#### WHAT TO PRODUCE:
Go to the line below that has "Size: 8/10 Condition: Good", print it and each line after it exactly, and stop after the line that has "- במחצית הראשונה"; leave out pictures.

Extracted data entries:
========================

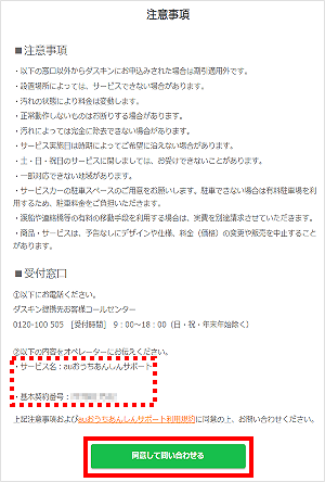 [発信]をタップすると、サポート窓口に繋がります。 サポート窓口で必要事項をご申告の上、エアコンクリーニングをご依頼ください。
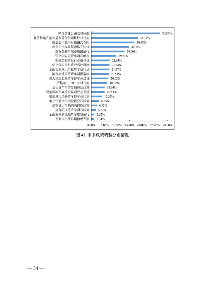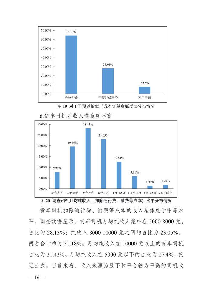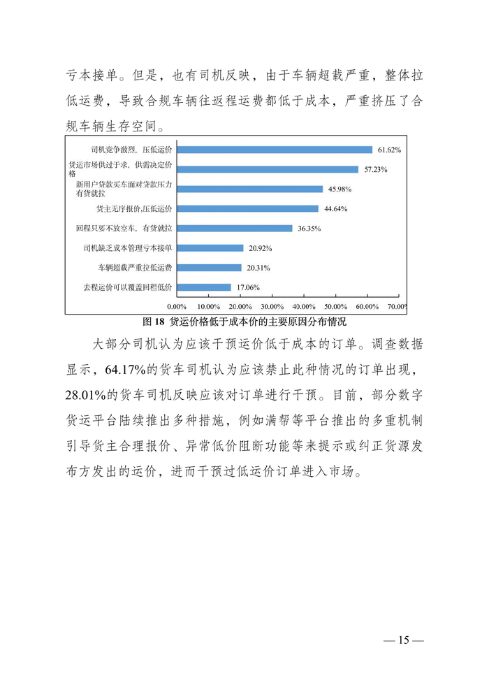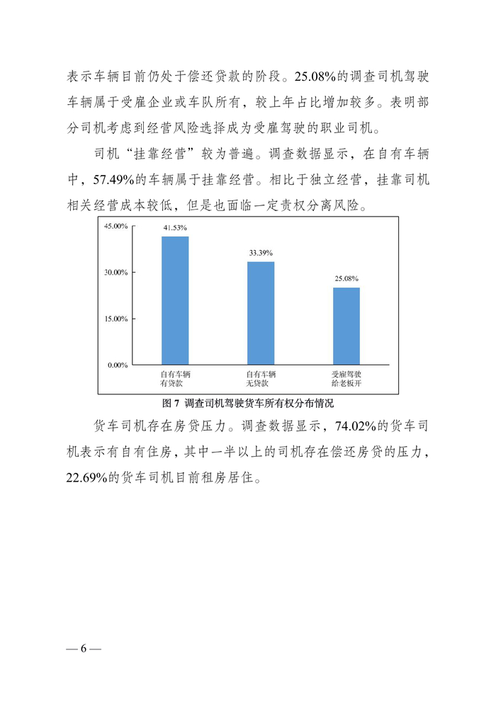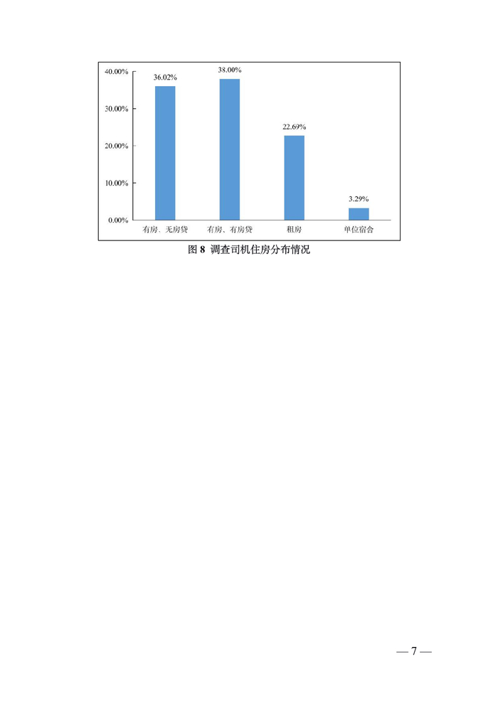 货车司机中“老司机”占比较为稳定。调查数据显示,从事道路货运 5 年以上的货车司机占比为 79.01%;10 年以上的占 比为 58.11%;15 年以上的 35.95%;20 年以上的 19.23%。“老 司机”仍然是主要就业群体。同时,调查显示,从事道路货运 5 年以下的司机占比为 20.98%,较上年调查有所增加,一批“新 手”涌入市场。
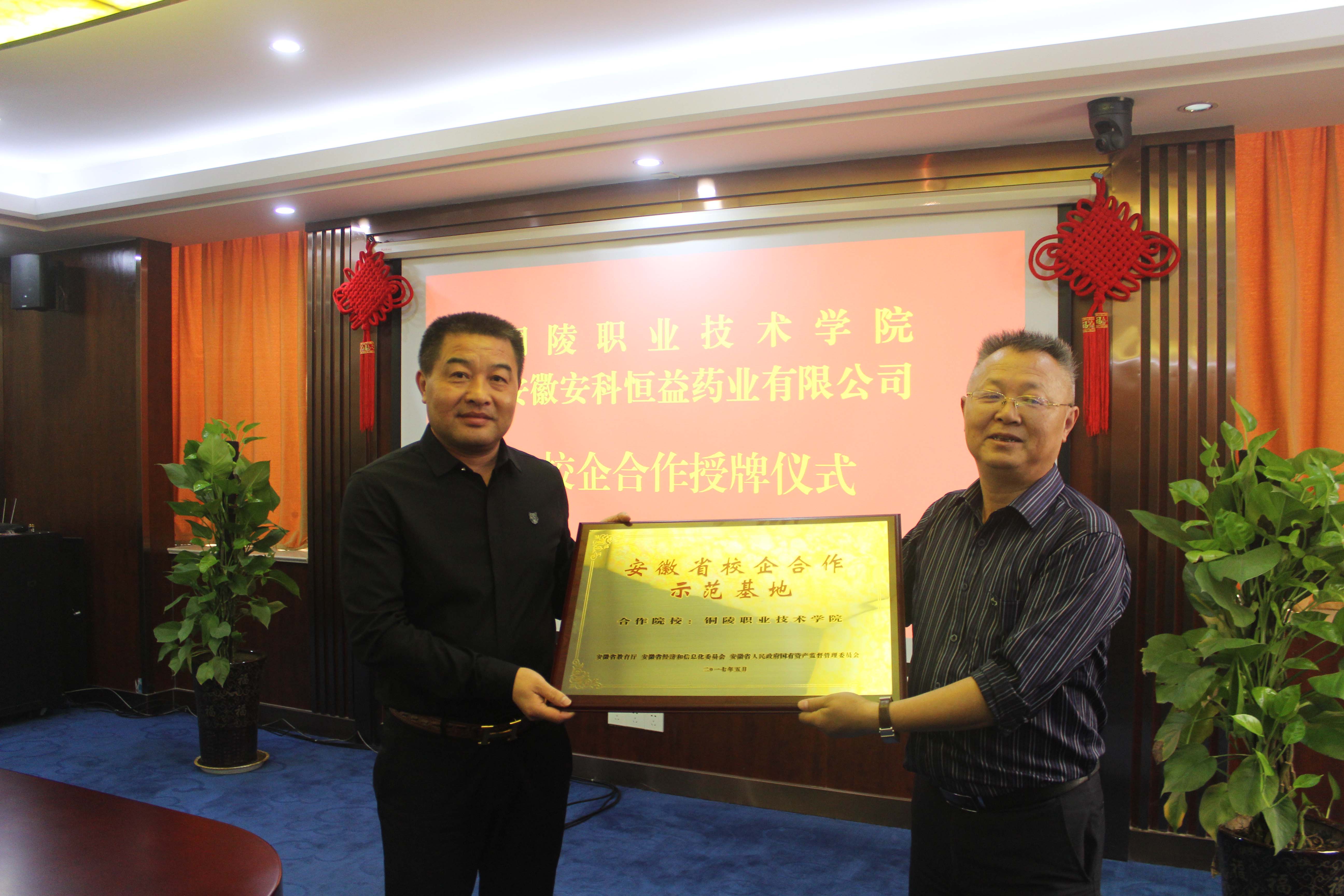 9月23日下午,我公司與銅陵職業技術學院“校企合作”授牌儀式在公司會議室舉行。這標志著公司與銅陵職業技術學院強強聯合、攜手共贏的新篇章。
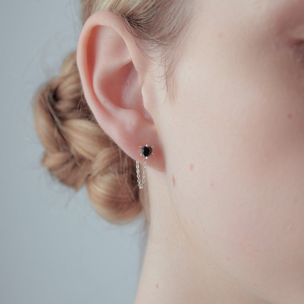 The sterling silver Cupid's Heart & Chain Studs each feature a mini claw-set onyx heart. From each daintily barbed heart dangles a fine chain, connected to a stud back, to lovingly wrap around the wearer's ear lobe.
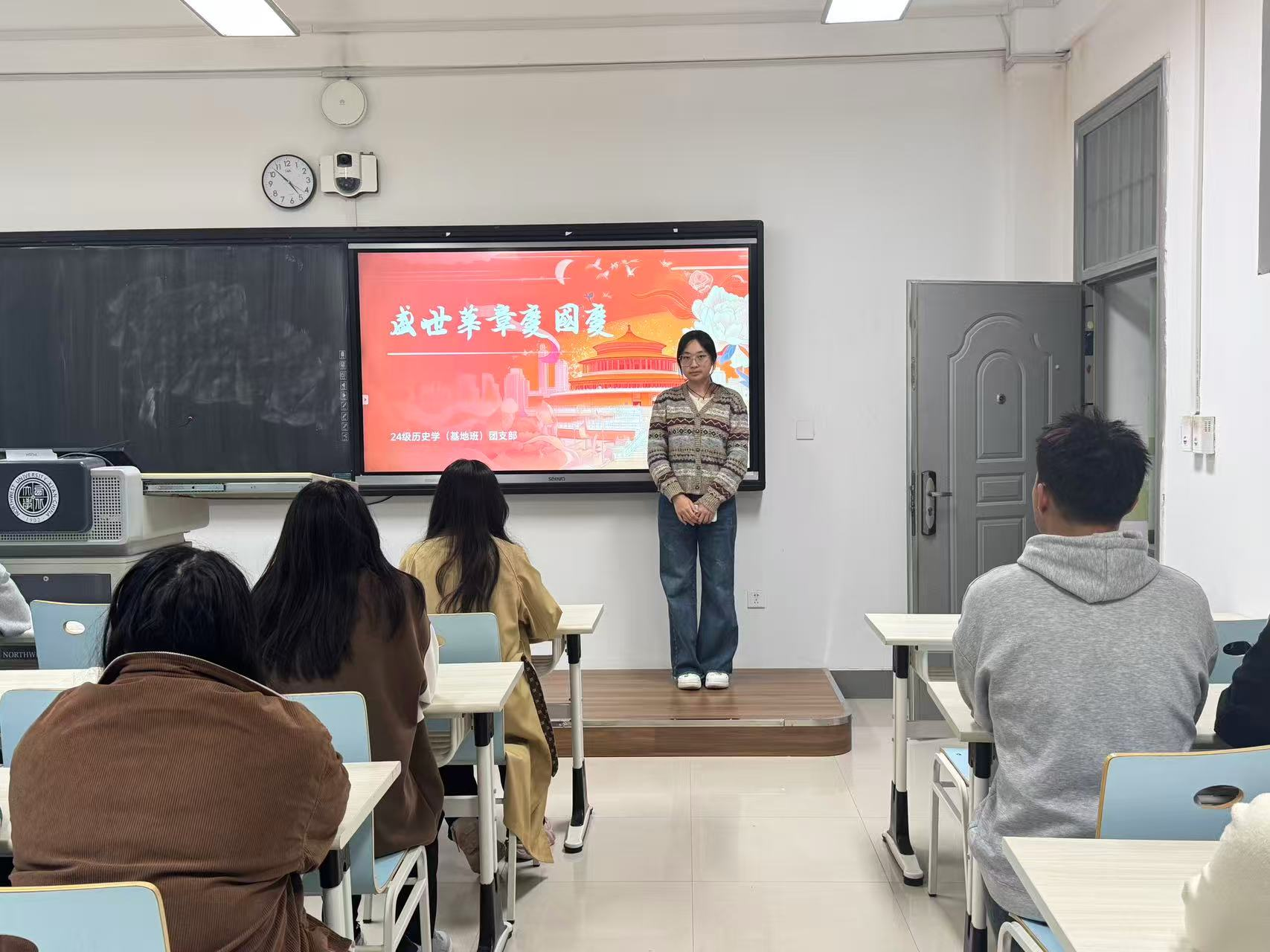 2024级历史学(基地班)团支部组织开展了“七十六载迎华诞,青春奋进新时代”主题团日活动。在团支部书记的带领下,支部团员中更加明晰了应当自觉践行“志不立,天下无可成之事”“宝剑锋从磨砺出,梅花香自苦寒来”“纸上得来终觉浅,绝知此事要躬行”“少年强则国强”的古训与箴言的时代内涵,纷纷表示要以青春之我投身教育报国、文化传承的实践中,用扎实学识和不懈奋斗为祖国76华诞书写青春注脚,用实际行动为新时代中国特色社会主义事业添砖加瓦。
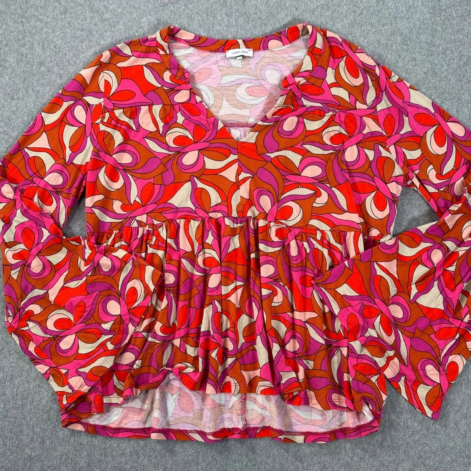 Size: 8/10 Condition: Good Pre-Owned Condition, Light Wash Wear, No Rips,Stains, or Tears.Please see all photos for most accurate representation of condition Color: Pink, Orange, Purple Closure: Pullover Pockets: No Material: 100% Viscose Sleeve Length: Long Sleeve
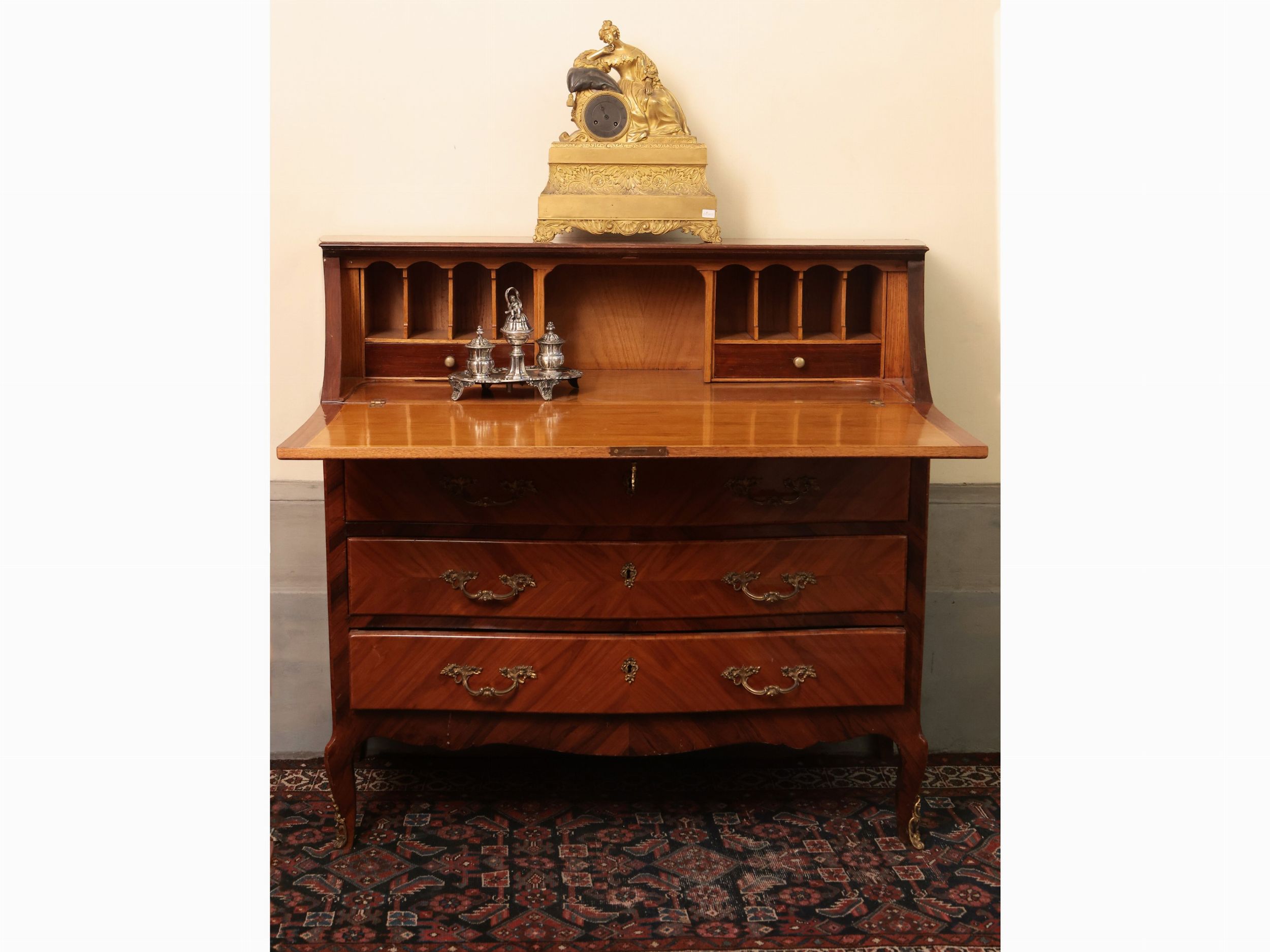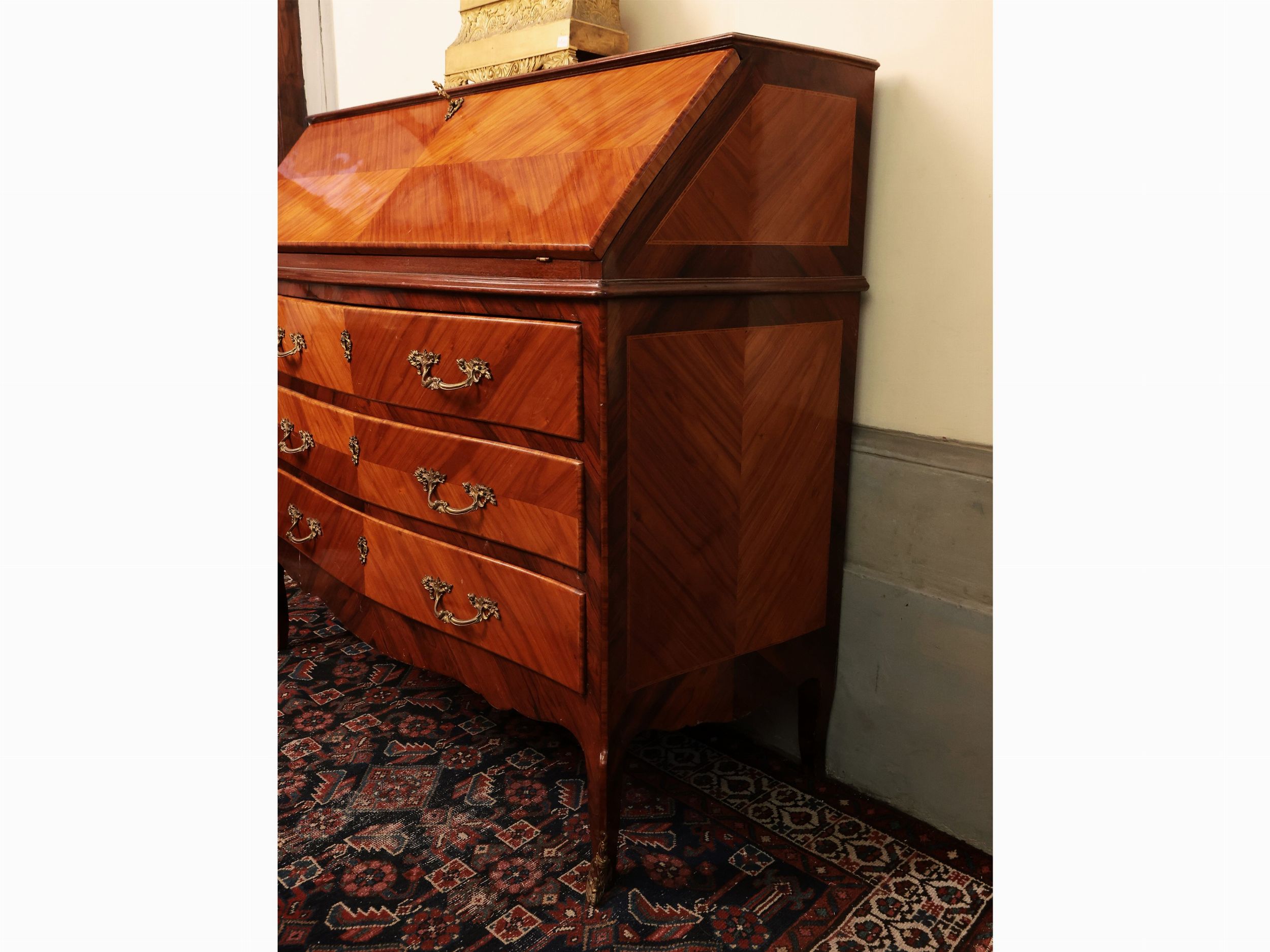 Cassettone a ribalta impiallacciato in legno di rosa ed altre essenze
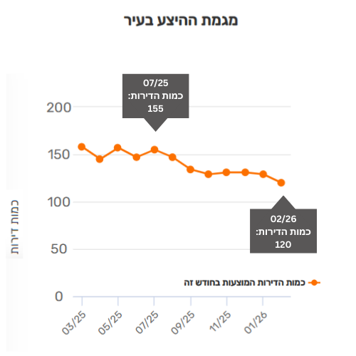 - במחצית הראשונה של 2025 נרשמה מגמה מעורבת של היצעי דירות – כאשר מידי חודש הוצעו בין 145 ל-165 דירות.
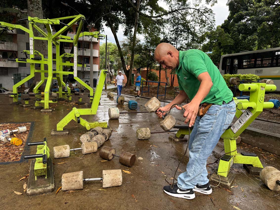 Eduard Londoño lleva nueve años trabajando ahí. En un pequeño quiosco, al frente de la Sección Escuela Hipólito Londoño Mesa, exprime naranjas y vende el jugo solo o le mezcla suplementos alimenticios, si así lo prefiere el cliente. También vende mecato y es un líder comunitario. De manera voluntaria siembra árboles y ayuda a hacerles mantenimiento al gimnasio al aire libre y al jardín. Además, se lee unos 12 libros al año y esa pasión lo llevó a crear un círculo de lectores que tiene cerca de 90 integrantes de la zona, en el que intercambian libros e información sobre obras y autores.
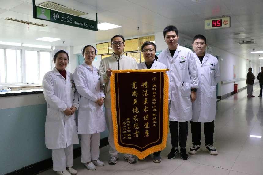 12月23日,黄冈市蕲春县的卫先生驱车3小时来到安陆普爱医院,向ICU医护人员送上“妙手神技 德艺双佳”的锦旗,表达对医护人员全力抢救挽回自己生命的感激之情。

========================

#### YOUR RESPONSE:
 Size: 8/10 Condition: Good Pre-Owned Condition, Light Wash Wear, No Rips,Stains, or Tears.Please see all photos for most accurate representation of condition Color: Pink, Orange, Purple Closure: Pullover Pockets: No Material: 100% Viscose Sleeve Length: Long Sleeve
 Cassettone a ribalta impiallacciato in legno di rosa ed altre essenze
 - במחצית הראשונה של 2025 נרשמה מגמה מעורבת של היצעי דירות – כאשר מידי חודש הוצעו בין 145 ל-165 דירות.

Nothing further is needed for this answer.